EXERCISE DESCRIPTION:
In the listing below, the lines starting at the line with "OURRR DREAMIESSS GSHGHDSF" and ending at the line with "- После этого" are to be output verbatim. Images stay out of the copy.

EXERCISE MATERIAL:
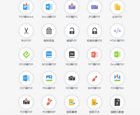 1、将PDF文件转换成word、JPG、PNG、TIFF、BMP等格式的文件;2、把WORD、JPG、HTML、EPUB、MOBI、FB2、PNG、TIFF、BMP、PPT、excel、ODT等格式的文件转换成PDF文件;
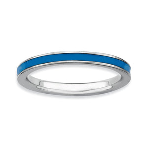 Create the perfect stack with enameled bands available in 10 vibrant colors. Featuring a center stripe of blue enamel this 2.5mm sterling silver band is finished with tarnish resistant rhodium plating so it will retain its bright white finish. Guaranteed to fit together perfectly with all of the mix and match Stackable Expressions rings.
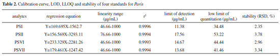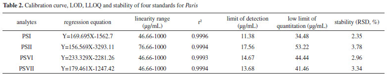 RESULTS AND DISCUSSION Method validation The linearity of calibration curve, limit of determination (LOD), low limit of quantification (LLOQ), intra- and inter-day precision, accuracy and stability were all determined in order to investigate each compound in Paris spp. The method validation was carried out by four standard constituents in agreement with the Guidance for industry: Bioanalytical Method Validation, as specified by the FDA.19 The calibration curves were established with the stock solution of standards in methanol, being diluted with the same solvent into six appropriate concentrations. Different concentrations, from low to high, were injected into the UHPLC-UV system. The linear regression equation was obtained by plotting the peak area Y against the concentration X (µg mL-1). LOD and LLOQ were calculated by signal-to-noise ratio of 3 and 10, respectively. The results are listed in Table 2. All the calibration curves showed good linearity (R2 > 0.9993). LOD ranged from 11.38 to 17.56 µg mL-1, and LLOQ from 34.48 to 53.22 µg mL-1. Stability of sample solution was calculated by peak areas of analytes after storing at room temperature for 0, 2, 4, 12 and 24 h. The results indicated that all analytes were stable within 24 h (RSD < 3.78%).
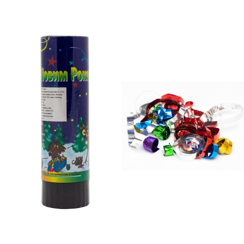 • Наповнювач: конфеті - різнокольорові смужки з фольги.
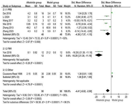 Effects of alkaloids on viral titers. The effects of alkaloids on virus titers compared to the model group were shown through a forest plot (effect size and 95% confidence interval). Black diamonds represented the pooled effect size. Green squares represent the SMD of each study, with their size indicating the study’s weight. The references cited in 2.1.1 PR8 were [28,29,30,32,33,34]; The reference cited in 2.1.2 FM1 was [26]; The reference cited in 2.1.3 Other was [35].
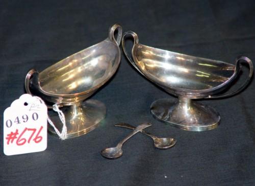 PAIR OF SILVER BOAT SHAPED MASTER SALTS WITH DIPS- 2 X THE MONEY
==
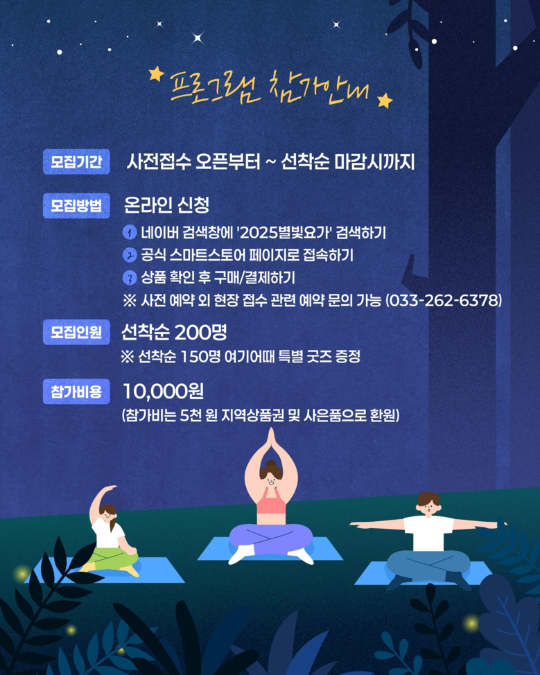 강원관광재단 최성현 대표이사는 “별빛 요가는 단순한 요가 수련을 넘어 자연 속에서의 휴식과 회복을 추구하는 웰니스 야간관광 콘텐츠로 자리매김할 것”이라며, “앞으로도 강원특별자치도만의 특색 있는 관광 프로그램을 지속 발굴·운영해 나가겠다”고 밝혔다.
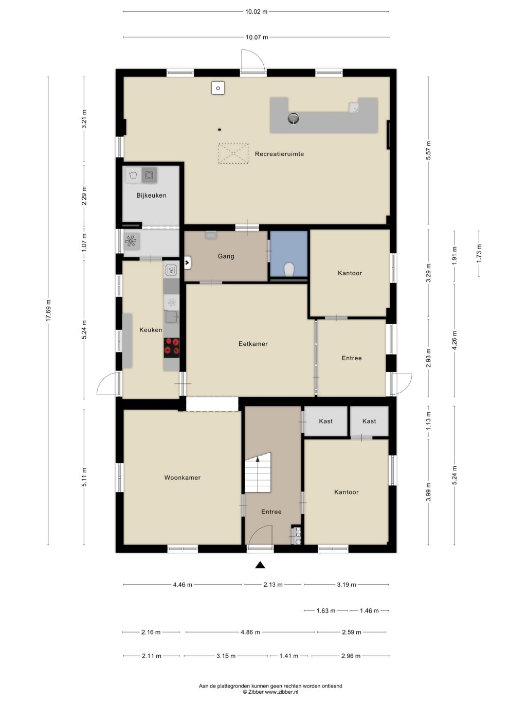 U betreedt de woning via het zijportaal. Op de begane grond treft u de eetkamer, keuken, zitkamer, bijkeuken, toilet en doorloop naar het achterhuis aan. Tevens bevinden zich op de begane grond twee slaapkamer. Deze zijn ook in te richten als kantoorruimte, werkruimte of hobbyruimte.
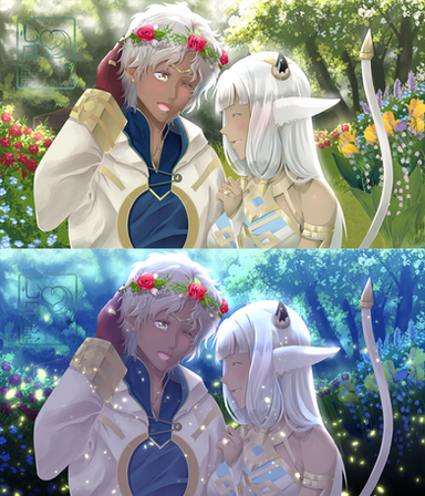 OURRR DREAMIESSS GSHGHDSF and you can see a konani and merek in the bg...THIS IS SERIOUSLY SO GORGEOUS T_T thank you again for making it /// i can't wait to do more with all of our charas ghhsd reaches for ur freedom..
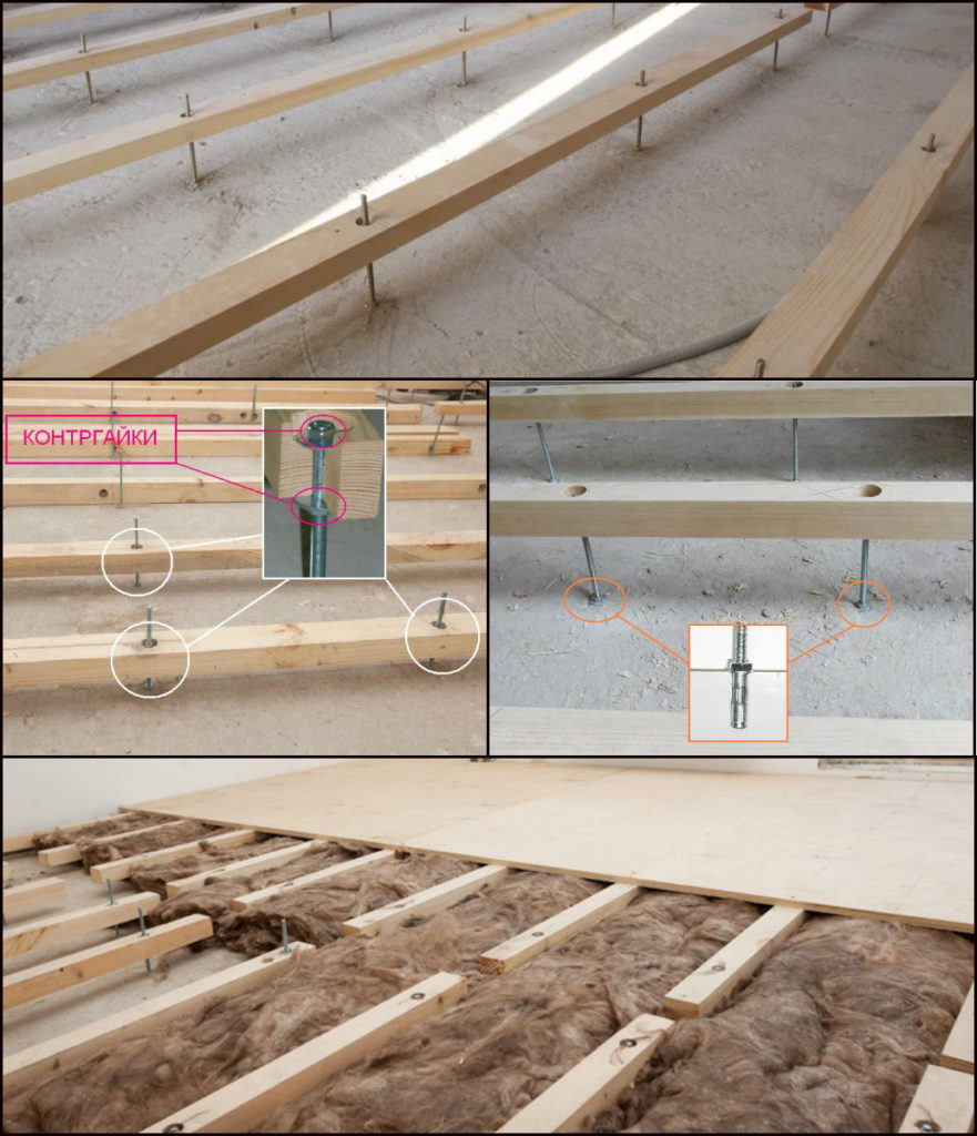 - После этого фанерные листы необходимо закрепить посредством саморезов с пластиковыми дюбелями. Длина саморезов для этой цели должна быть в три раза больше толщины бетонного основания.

ANSWER AREA:
 OURRR DREAMIESSS GSHGHDSF and you can see a konani and merek in the bg...THIS IS SERIOUSLY SO GORGEOUS T_T thank you again for making it /// i can't wait to do more with all of our charas ghhsd reaches for ur freedom..
 - После этого фанерные листы необходимо закрепить посредством саморезов с пластиковыми дюбелями. Длина саморезов для этой цели должна быть в три раза больше толщины бетонного основания.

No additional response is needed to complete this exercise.